From the line holding "पहले लैंडिंग की" through the line holding "9653SN Men and" below, write out every line exactly; include both of those lines and drop the pictures.

[Source records]
◇ ◇ ◇ ◇ ◇ ◇ ◇
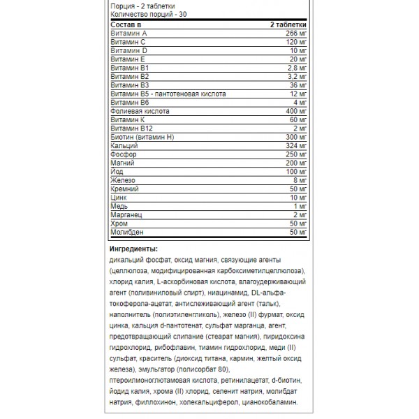 Таблетки имеют удобную форму и легко проглатываются, что делает их особенно привлекательными для всей семьи. Комплекс подходит для использования в периоды простудных заболеваний, при умственных и физических нагрузках, а также при несбалансированном питании.
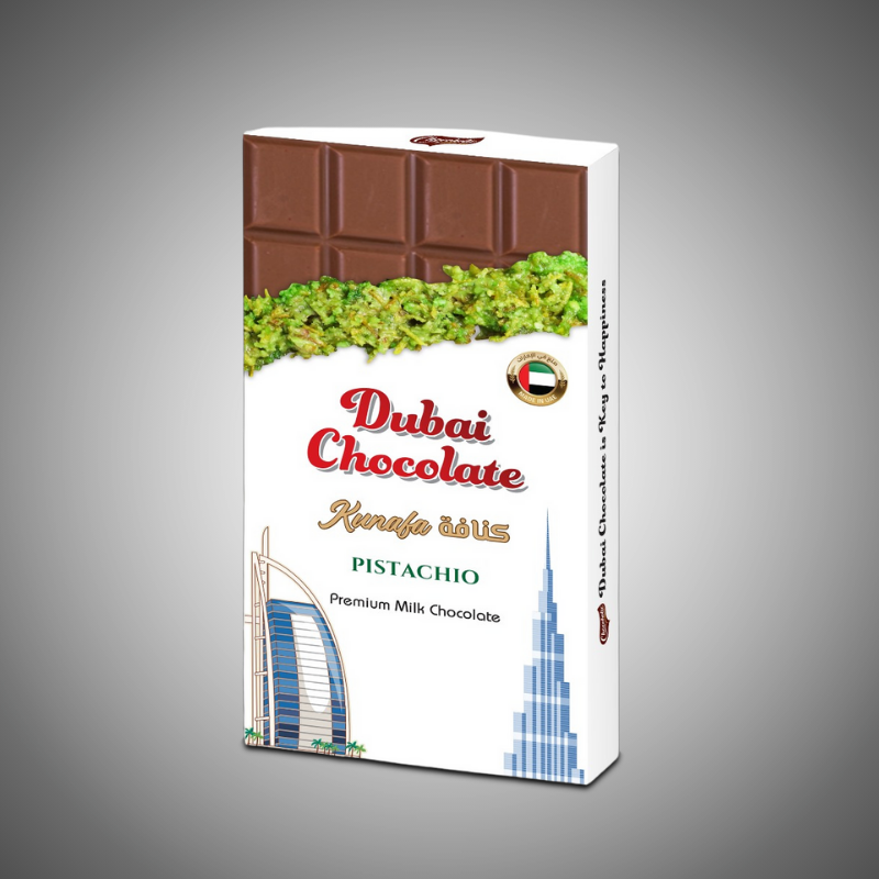 Refined and indulgent, the White Edition Kunafa Pistachio Chocolate is the epitome of Dubai luxury gifting. Made with smooth milk chocolate and layers of crisp kunafa enriched with pistachios, this bar offers a light yet flavorful taste. Its clean, white packaging with Dubai’s iconic landmarks adds a touch of elegance — perfect for weddings, souvenirs, or thoughtful presents for chocolate connoisseurs.
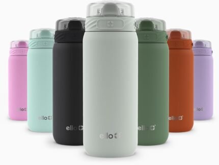 Ello Cooper 32oz Stainless Steel Water Bottle with Straw and Carry Handle, Double Walled and Vacuum Insulated Metal, Leak Proof Locking Lid with Soft Silicone Spout, Reusable, BPA Free, Yucca
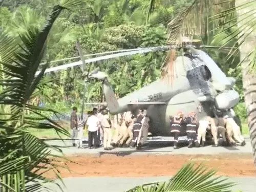 पहले लैंडिंग की योजना पंबा के पास निलक्कल में थी, लेकिन खराब मौसम के कारण इसे प्रामदम में स्थानांतरित किया गया।
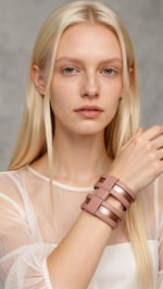 Bracciale bangle artigianale in pelle CAGE - Soft Sunset
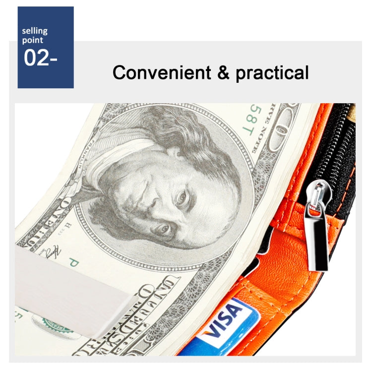 9653SN Men and Women Two-fold RFID Anti-theft Genuine Leather Wallet with Y-shaped Front Pocket(Orange)
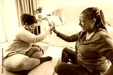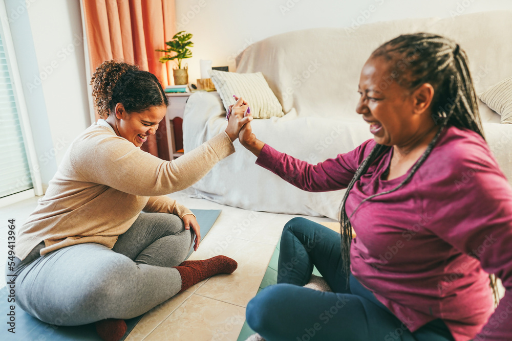 Mother and daughter doing fitness exercises at home together - Family and sport concept during winter time - Soft focus on girl face
◇ ◇ ◇ ◇ ◇ ◇ ◇
- [Answer space]
 पहले लैंडिंग की योजना पंबा के पास निलक्कल में थी, लेकिन खराब मौसम के कारण इसे प्रामदम में स्थानांतरित किया गया।
 Bracciale bangle artigianale in pelle CAGE - Soft Sunset
 9653SN Men and Women Two-fold RFID Anti-theft Genuine Leather Wallet with Y-shaped Front Pocket(Orange)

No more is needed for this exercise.